Looking ahead to 2026, key questions revolve around whether Pump can finally create an incentive-consistent model for creator tokens , whether it can meaningfully scale to multi-chain markets through Padre, how to manage token unlocking and declining revenue visibility, and which product vertical it will choose as its most aggressive entry point. Currently, its strategy appears to be spread across multiple levels, from live streaming to ICM to mobile. At some point, the team may need to identify a primary entry point, and for most of 2025, that entry point seems to be live streaming. Now, that's becoming less clear.

Potential breakthrough: iGaming and mobile devices

The bigger question is whether Pump can still attract a larger number of non-crypto creators . This may require reshaping the creator token flywheel and introducing stronger, longer-term incentives to maintain its viral potential beyond the crypto-native community. The original elements are already there. In 2025, Bagwork's operation gave Delphi Digital a glimpse of what this model would look like if it succeeded, at which point Pump seemed close to crossing the chasm.

Pump also has significant room to expand its product suite. One strategic direction the team should seriously consider is entering the iGaming or casino-related vertical; a Kick/Stake-like model that naturally aligns with Pump's speculative-driven user base. This would create deep synergies with its memecoin and live streaming ambitions, and the category's monetization potential is already proven. Shuffle's net gaming revenue and weekly lottery distribution demonstrate just how big this opportunity can be when executed correctly.
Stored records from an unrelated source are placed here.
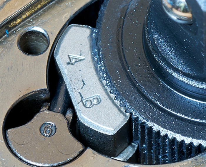 در صورتی که روکش و چرخ دنده آچار جغجغهای را از آن جدا کنیم، دو ضامن دندانهدار آچار نمایان میشوند.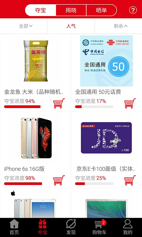可乐夺宝app是一款电商购物应用,可乐夺宝app为用户提供当前最火爆的一元夺宝玩法,让用户只花一元钱就有可能买到iPhone、电脑等超值商品,体验最实惠的购物玩法。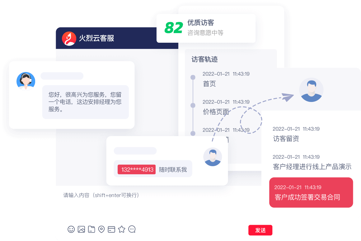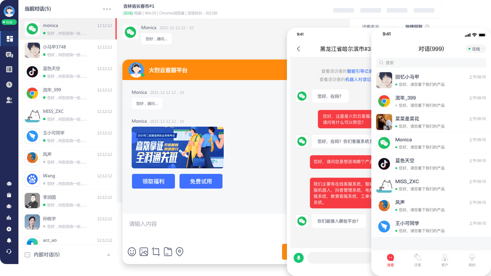 客服系统可实现主动营销。包括访客来访/轨迹/行为分析/访客评估。智能机器人全天精准推送不漏掉一个用户,服务效率提升300%

Pump's mobile app is another underutilized strength . Deeper promotion on mobile can broaden traffic sources, making the product more accessible to mainstream users and providing creators with more monetization opportunities. Combined with iGaming, this would meaningfully expand Pump's potential user base while reinforcing the platform's already proven strengths.

Despite the uncertainties, Pump remains one of the most resilient consumer applications in this cycle , maintaining its dominance even as the broader macro environment shifts. Substantial progress in either direction could catalyze a meaningful market sentiment reset and pave the way for Pump to achieve broader breakthroughs beyond the crypto-native community.